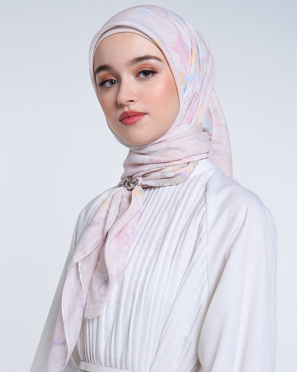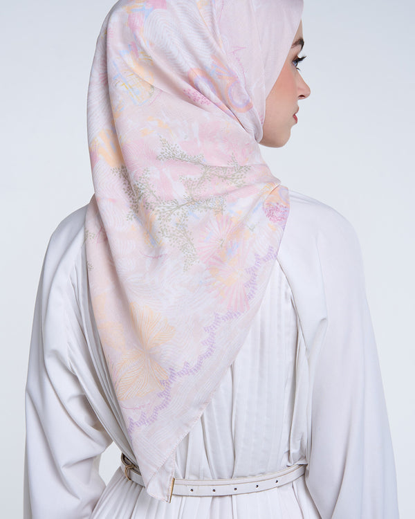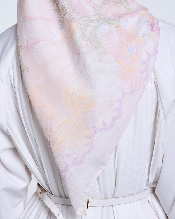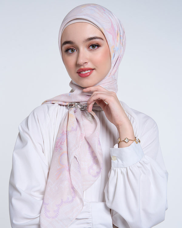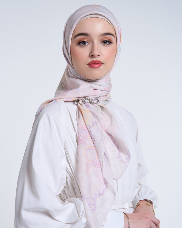 Signature scarf yang terbuat dari bahan airy voile, menampilkan warna-warni dengan pola elemen oriental, sempurna untuk kamu yang penuh warna dan senang mengekspresikan diri.
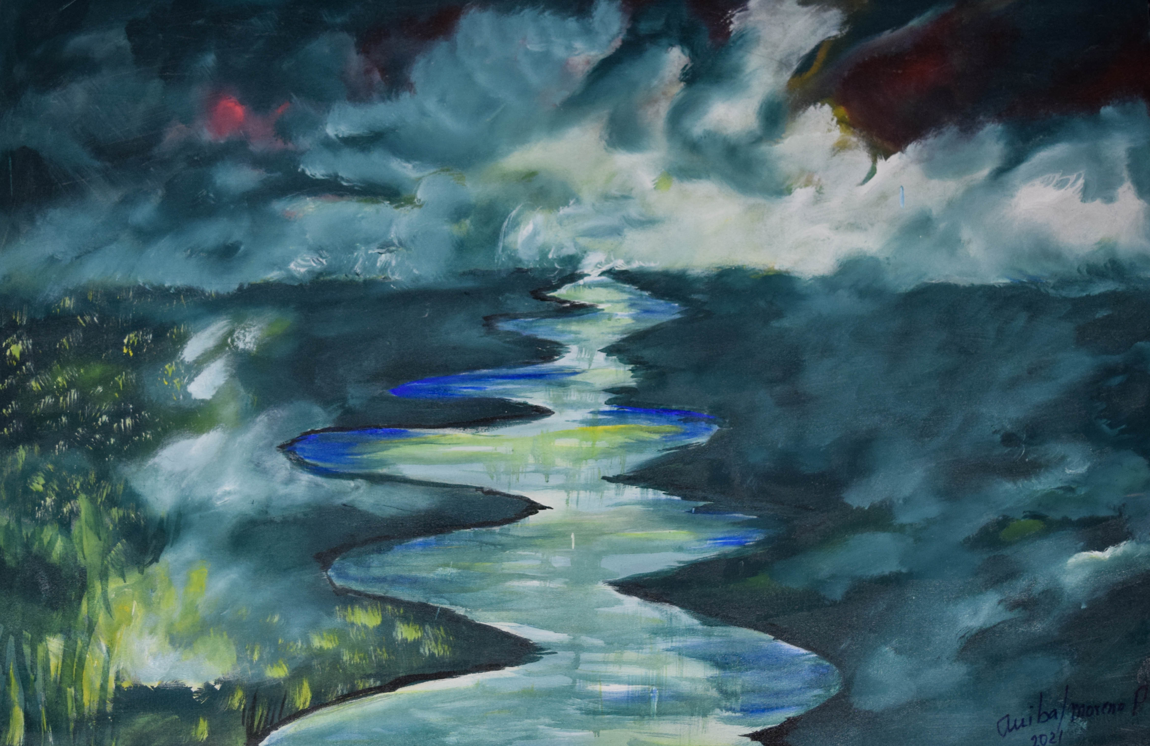 En esta pintura, el artista representa los atardeceres multicolor a lo largo del valle del río Cauca, en Colombia. Estos colores vivos son el resultado de la dispersión de Mie, la dispersión de partículas atmosféricas provocada por una alta concentración de vapor de agua, polvo, polen o humo.
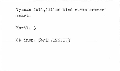 //// Vyssan lull,lillen kind mamma kommer snart. //// Nordl. 3 //// SR insp. 56/10.126:1»3 ////
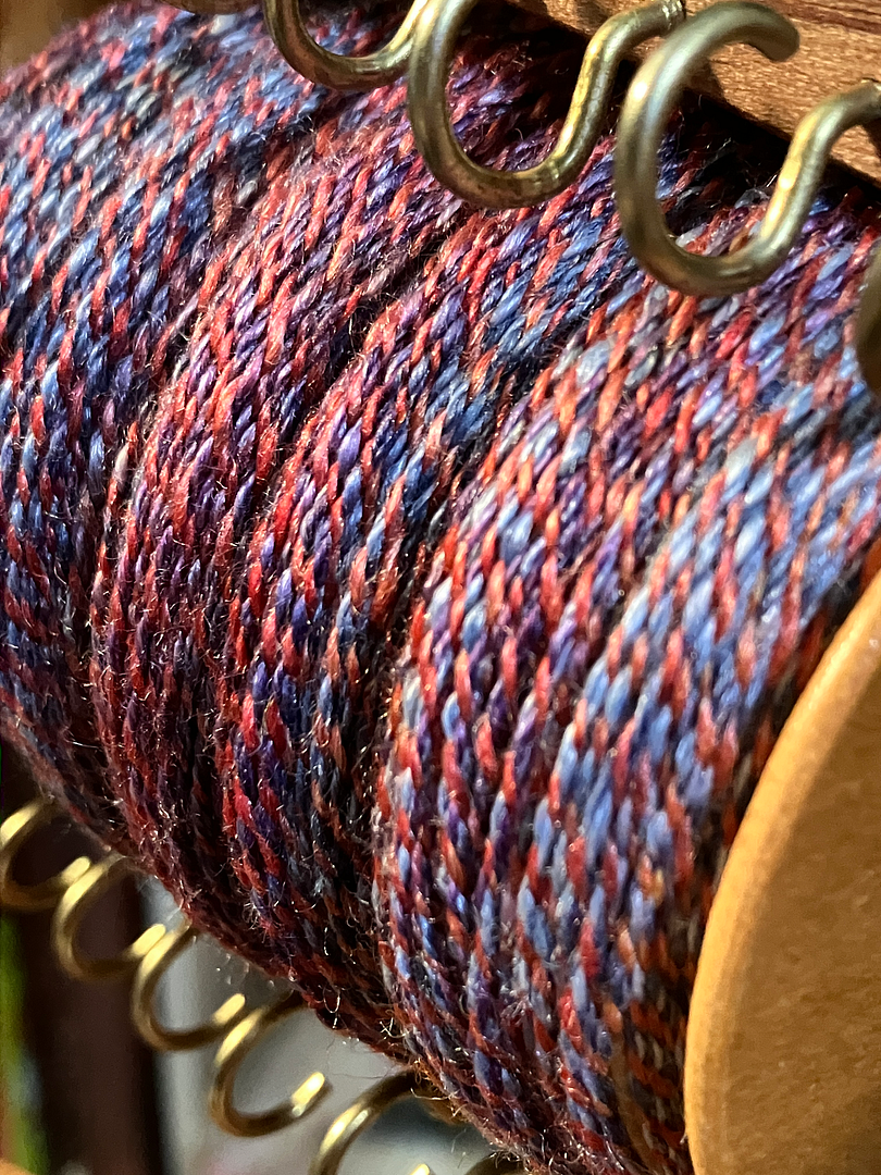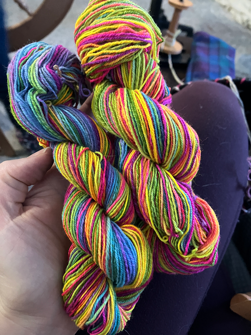 This month I finished a little sock spin that was a bit of an impulse. Dooner saw me spinning some samples for spring episodes of the Wool Circle, and had to have something with this highlighter-coloured fiber. So I spun the remaining 2.5 oz into a chain-plied sock yarn for her. I’m not sure yet what it will become.

= = =

[Work item] What this calls for is a word-for-word copy of the listing above, pictures excluded.

[Response box]
 Signature scarf yang terbuat dari bahan airy voile, menampilkan warna-warni dengan pola elemen oriental, sempurna untuk kamu yang penuh warna dan senang mengekspresikan diri.
 En esta pintura, el artista representa los atardeceres multicolor a lo largo del valle del río Cauca, en Colombia. Estos colores vivos son el resultado de la dispersión de Mie, la dispersión de partículas atmosféricas provocada por una alta concentración de vapor de agua, polvo, polen o humo.
 //// Vyssan lull,lillen kind mamma kommer snart. //// Nordl. 3 //// SR insp. 56/10.126:1»3 ////
 This month I finished a little sock spin that was a bit of an impulse. Dooner saw me spinning some samples for spring episodes of the Wool Circle, and had to have something with this highlighter-coloured fiber. So I spun the remaining 2.5 oz into a chain-plied sock yarn for her. I’m not sure yet what it will become.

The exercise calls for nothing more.